I am trying to classify the extensions of $\mathbb{Z}/2$ by $\mathbb{Z}$, that is, all $G$ that fits in the exact sequence
$$0\to \mathbb{Z}\to G\to \mathbb{Z}/2\to 0.$$
These extensions (up to equivalence) are in bijection with $\text{Ext}_{\mathbb{Z}}^1(\mathbb{Z}/2,\mathbb{Z})=R^1G(\mathbb{Z})=H^1(G(I_{\bullet}))$, where $G$ is the left exact additive functor $G(B)=\text{Hom}_\mathbb{Z}(\mathbb{Z}/2,B)$, $R^iG$ its right derived functors, $I_{\bullet}$ an injective resolution of $\mathbb{Z}$.
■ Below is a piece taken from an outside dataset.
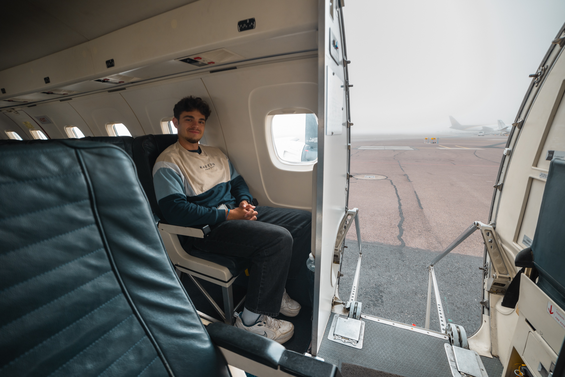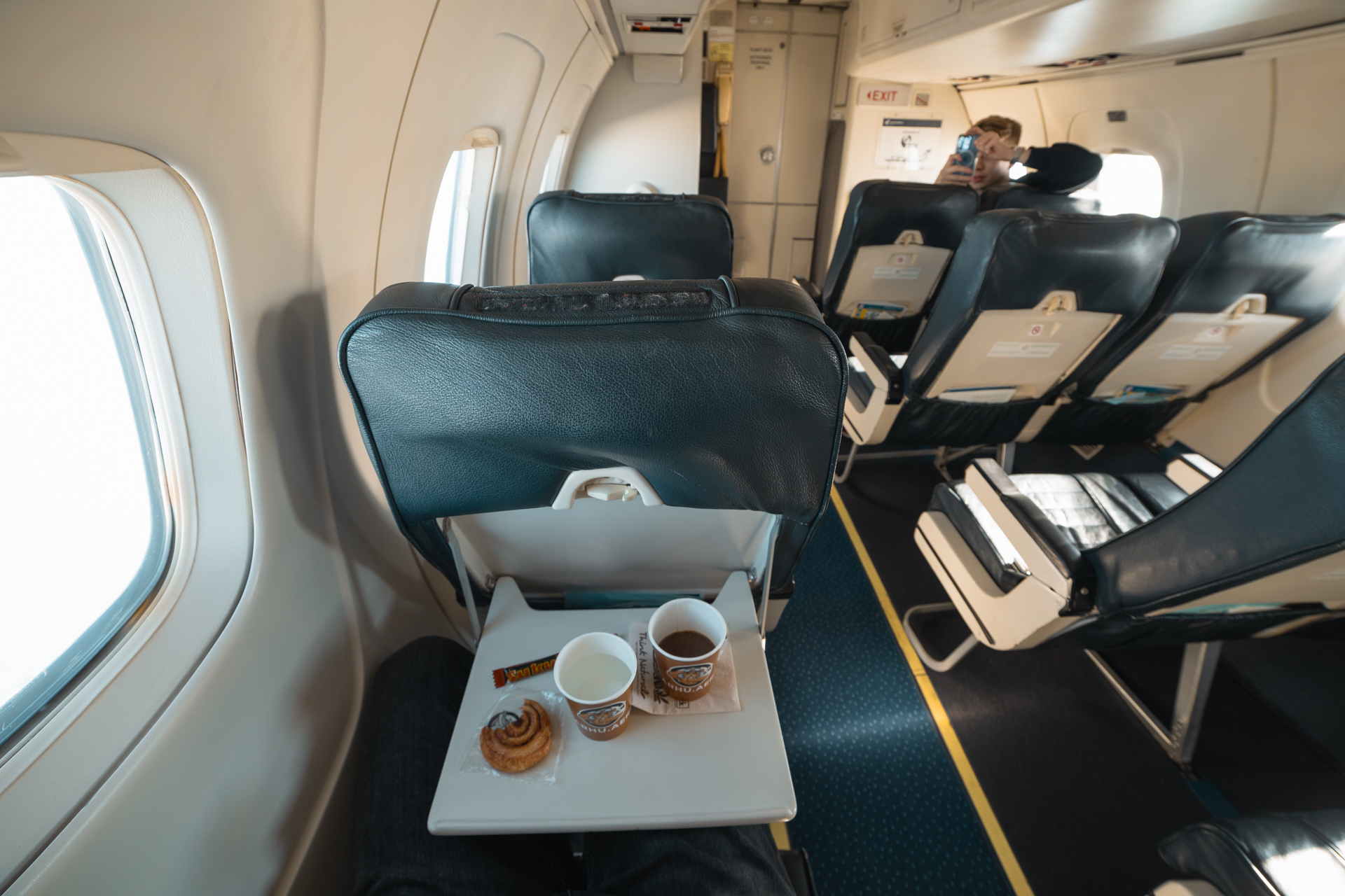 As you might see in this photo the legroom on the EMB-120 is absolutely terrible if you are not a very short individual. Since comfort definitely was not important on this trip but rather the experience of flying a rare turboprop, the lack of legroom did not negatively influence the mood at all. Even much tinier than the legroom was the restroom that I unfortunately had to visit after drinking my coffee. It is close to impossible to get in there. The only upside was that if some turbulence had hit during my restroom visit, I could not have flown around, since I was touching every wall to every side.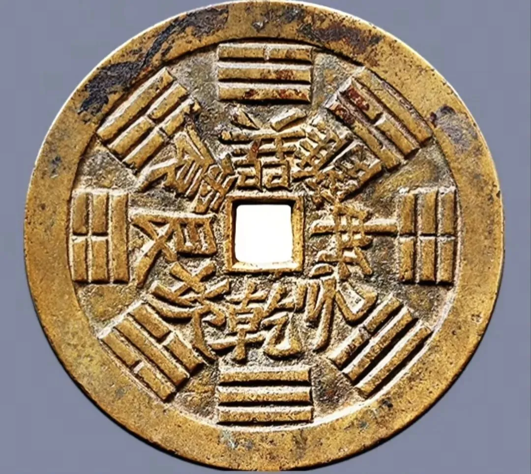 清代富贵荣华背八卦川炉,大型花钱 尺寸,直径91.7mm,厚度4.6,重186.3g,成交价43万1250元。

To compute $\text{Ext}_{\mathbb{Z}}^1(\mathbb{Z}/2, \mathbb{Z})$, first choose an arbitrary injective resolution of $\mathbb{Z}$, $0 \to \mathbb{Z}\to \mathbb{Z}\to 0 \to 0 \to \dotsb$. We then get a cochain complex by applying $G$
$$0\to \text{Hom}_\mathbb{Z}(\mathbb{Z}/2,\mathbb{Z})\to \text{Hom}_\mathbb{Z}(\mathbb{Z}/2,0)\to \text{Hom}_\mathbb{Z}(\mathbb{Z}/2,0)\to \dotsb.$$
$\text{Ext}_{\mathbb{Z}}^1(\mathbb{Z}/2, \mathbb{Z})$ is precisely the first cohomology group of this complex. Every component is trivial, so the first cohomology group is trivial. There is only one such group extension up to equivalence.
But this seems to be wrong because Extensions of $\mathbb{Z}$ by $\mathbb{Z}_2$ here it says there are two inequivalent extensions. I am not sure where I made a mistake. Thank you.
Let's get this one off the unanswered heap. First, a little commentary: while free modules have many good properties, injectivity is not always one of them, and this particular example is a valuable one to keep at hand.
Indeed, suppose that $A$ is an injective abelian group. Then for every natural number $n$ and any map $f \colon \mathbb{Z} \to A$, there must be a morphism $g \colon \mathbb{Z} \to A$ such that $f = g \circ \mu_{n}$, where $\mu_{n} \colon \mathbb{Z} \to \mathbb{Z}$ is multiplication-by-$n$. Putting $a = f(1) \in A$, we see that $g$ must satisfy $g(n) = a$, and in particular, we must have $g(1) = y \in A$ such that $ny = a$. Since any element $a \in A$ defines a morphism $\mathbb{Z} \to A$ via the assignment $1 \mapsto a$, this shows that $A$ is necessarily divisible if it is injective. In particular, $\mathbb{Z}$ cannot be injective as a $\mathbb{Z}$-module.
As for your question, as long as you're willing to accept that divisible abelian groups are injective, you can see that the short exact sequence
$$0 \to \mathbb{Z} \to \mathbb{Q} \to \mathbb{Q}/\mathbb{Z} \to 0$$
(where the first map is inclusion and the second map is projection) is an injective resolution of $\mathbb{Z}$ as a $\mathbb{Z}$-module. In this case, your $\operatorname{Ext}$ complex looks like
$$0 \to \operatorname{Hom}_{\mathbb{Z}}(\mathbb{Z}/2\mathbb{Z}, \mathbb{Q}) \to \operatorname{Hom}_{\mathbb{Z}}(\mathbb{Z}/2\mathbb{Z}, \mathbb{Q}/\mathbb{Z}) \to 0 \to \cdots .$$
Of course, $\operatorname{Ext}^{1}_{\mathbb{Z}}(\mathbb{Z}/2\mathbb{Z}, \mathbb{Z})$ is the cohomology at the first position of this complex. For any abelian group $A$ and any natural number $n$, set $A[n]$ to be the subgroup of $A$ of torsion elements of order dividing $n$. There is an isomorphism $\operatorname{Hom}_{\mathbb{Z}}(\mathbb{Z}/n\mathbb{Z}, A) \to A[n]$ sending $f \in \operatorname{Hom}_{\mathbb{Z}}(\mathbb{Z}/n\mathbb{Z}, A)$ to $f([1]_{n})$. Hence, we have $\operatorname{Hom}_{\mathbb{Z}}(\mathbb{Z}/2\mathbb{Z}, \mathbb{Q}) = 0$ and $\operatorname{Hom}_{\mathbb{Z}}(\mathbb{Z}/2\mathbb{Z}, \mathbb{Q}/\mathbb{Z}) \cong \mathbb{Z}/2\mathbb{Z}$, which gives the desired calculation.